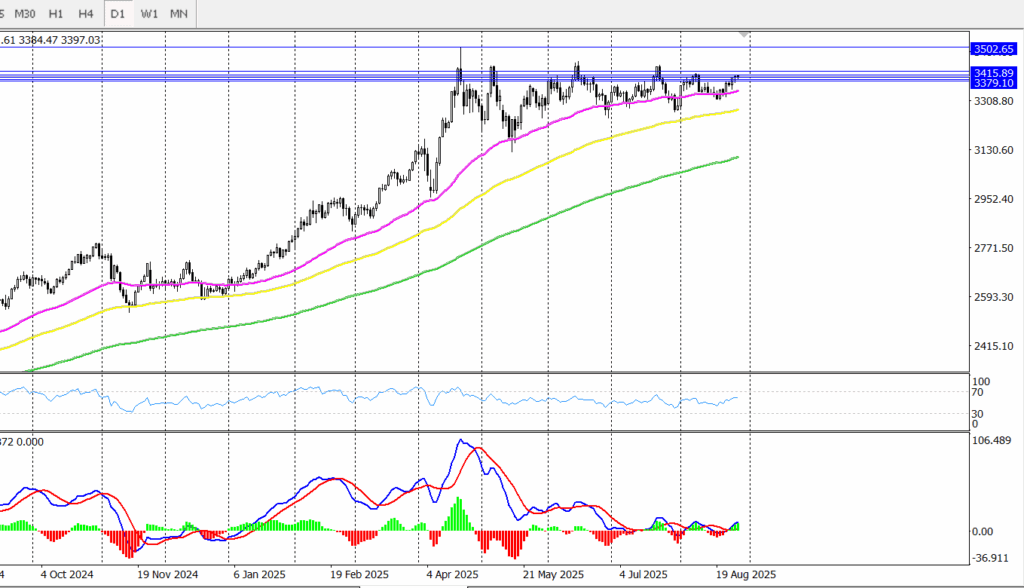 A clear 1-hour close above the psychological level $3401 would open the door for further upside, potentially reaching a new high to $3,408, a level not tested since August 8.
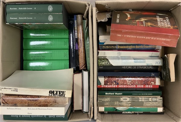 Lotto composto da due cartoni contenenti numerosi volumi inerenti l'arte e la storia locale
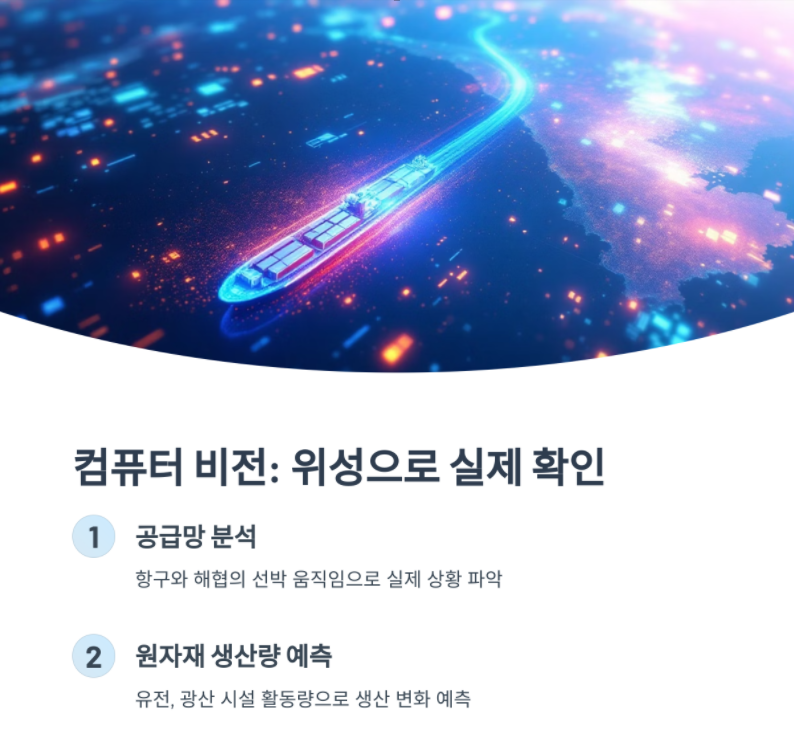 - 공급망 분석: AI는 특정 항구나 해협(예: 호르무즈 해협)을 지나는 유조선이나 컨테이너선의 수, 이동 속도 등을 위성사진으로 분석합니다. 만약 선박의 수가 급격히 줄어든다면, 이는 뉴스보다 먼저 실제 글로벌 공급망에 문제가 생겼다는 강력한 신호가 됩니다.
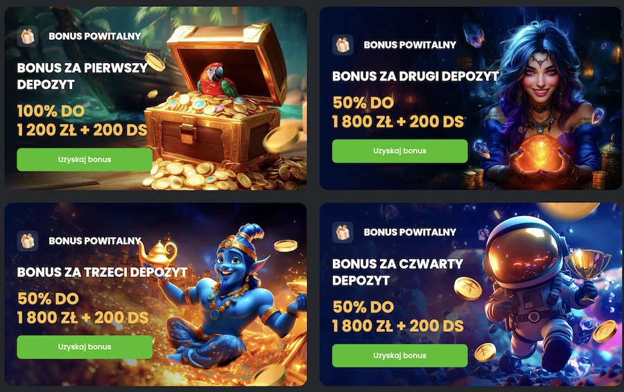 | Pierwszy bonus (100%) | do 200 zł + 30 FS | do 700 zł + 80 FS | do 1200 zł + 200 FS | NEWIN |
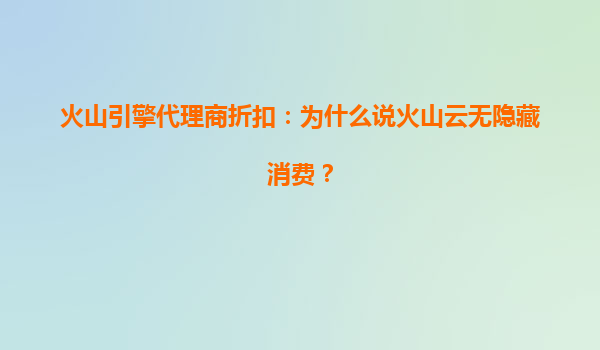 2025-07-06火山引擎代理商折扣:为什么说火山云无隐藏消费? 引言:透明消费的云计算时代 在数字化转型的浪潮中,企业对云服务的需求日益增长,但复杂的计费模式和隐藏费...
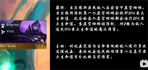 羁绊:贝尔维斯杀死敌人后会留下虚空珊瑚。贝尔维斯消耗第一个虚空珊瑚会提升50%最大生命值,之后的每个虚空珊瑚都会治疗20%最大生命值。当虚空珊瑚被消耗,对2格内敌人造成10%最大生命值的魔法伤害。
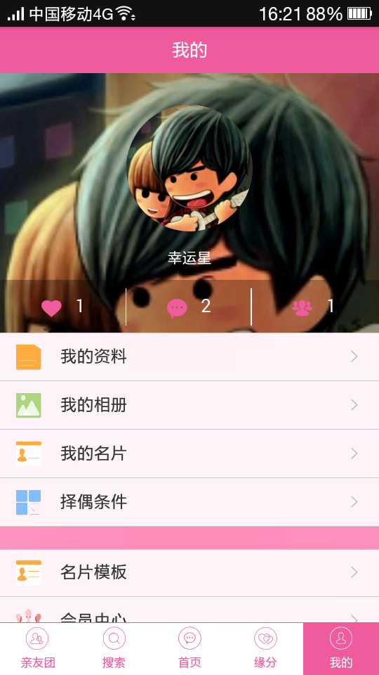 【相亲名片】完成个人资料填写,即可自动生成个性化的相亲名片。
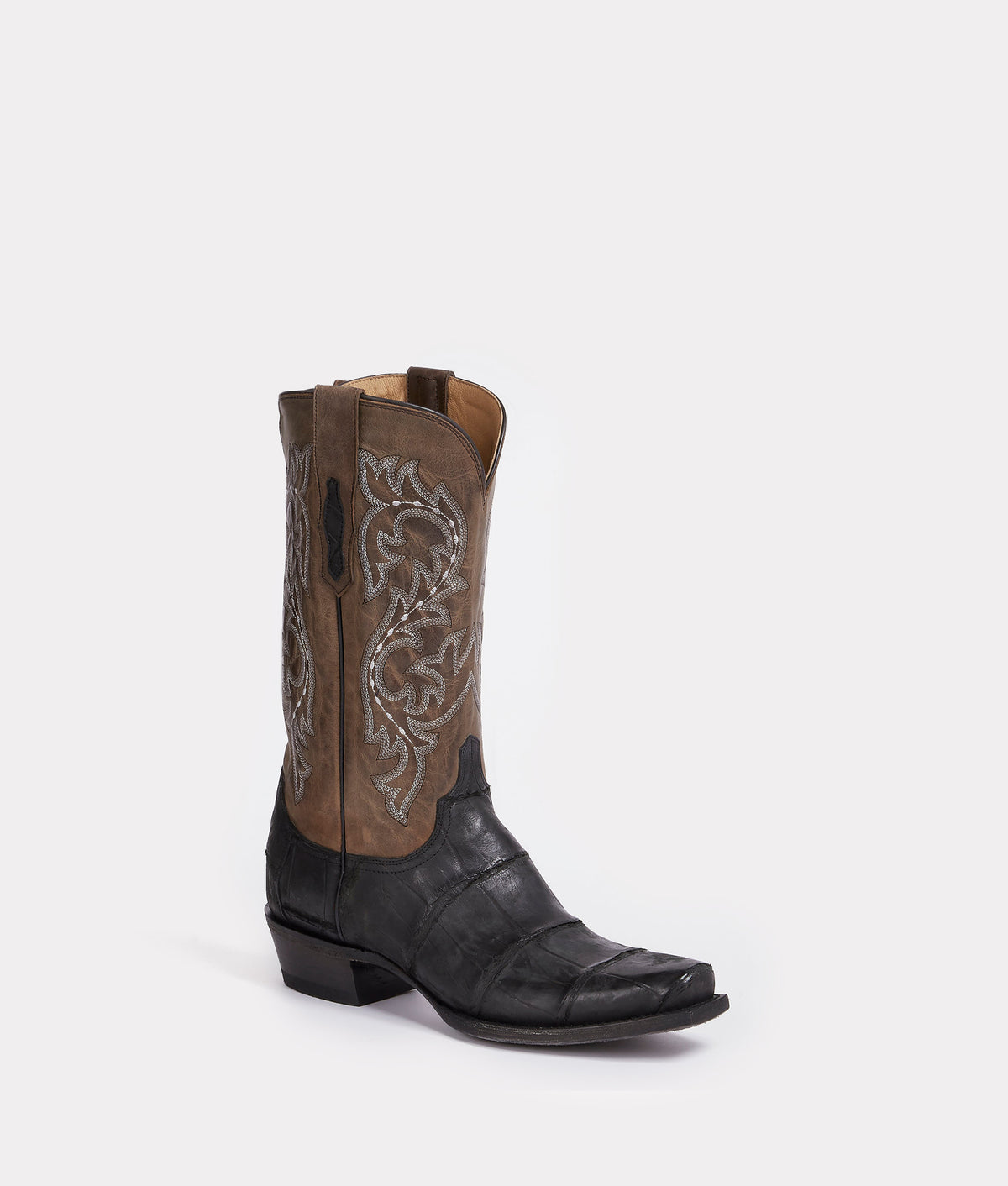 The Burke is a Western silhouette founded on the beauty of age. Handcrafted from distressed Giant Alligator leather, tile for tile, the Burke is a Lucchese staple that deserves a spot in the cowboys closet.

**WHAT YOU HAVE TO DO:**
Reproduce every entry word for word, but skip any pictures.

**WRITTEN RESPONSE:**
 A clear 1-hour close above the psychological level $3401 would open the door for further upside, potentially reaching a new high to $3,408, a level not tested since August 8.
 Lotto composto da due cartoni contenenti numerosi volumi inerenti l'arte e la storia locale
 - 공급망 분석: AI는 특정 항구나 해협(예: 호르무즈 해협)을 지나는 유조선이나 컨테이너선의 수, 이동 속도 등을 위성사진으로 분석합니다. 만약 선박의 수가 급격히 줄어든다면, 이는 뉴스보다 먼저 실제 글로벌 공급망에 문제가 생겼다는 강력한 신호가 됩니다.
 | Pierwszy bonus (100%) | do 200 zł + 30 FS | do 700 zł + 80 FS | do 1200 zł + 200 FS | NEWIN |
 2025-07-06火山引擎代理商折扣:为什么说火山云无隐藏消费? 引言:透明消费的云计算时代 在数字化转型的浪潮中,企业对云服务的需求日益增长,但复杂的计费模式和隐藏费...
 羁绊:贝尔维斯杀死敌人后会留下虚空珊瑚。贝尔维斯消耗第一个虚空珊瑚会提升50%最大生命值,之后的每个虚空珊瑚都会治疗20%最大生命值。当虚空珊瑚被消耗,对2格内敌人造成10%最大生命值的魔法伤害。
 【相亲名片】完成个人资料填写,即可自动生成个性化的相亲名片。
 The Burke is a Western silhouette founded on the beauty of age. Handcrafted from distressed Giant Alligator leather, tile for tile, the Burke is a Lucchese staple that deserves a spot in the cowboys closet.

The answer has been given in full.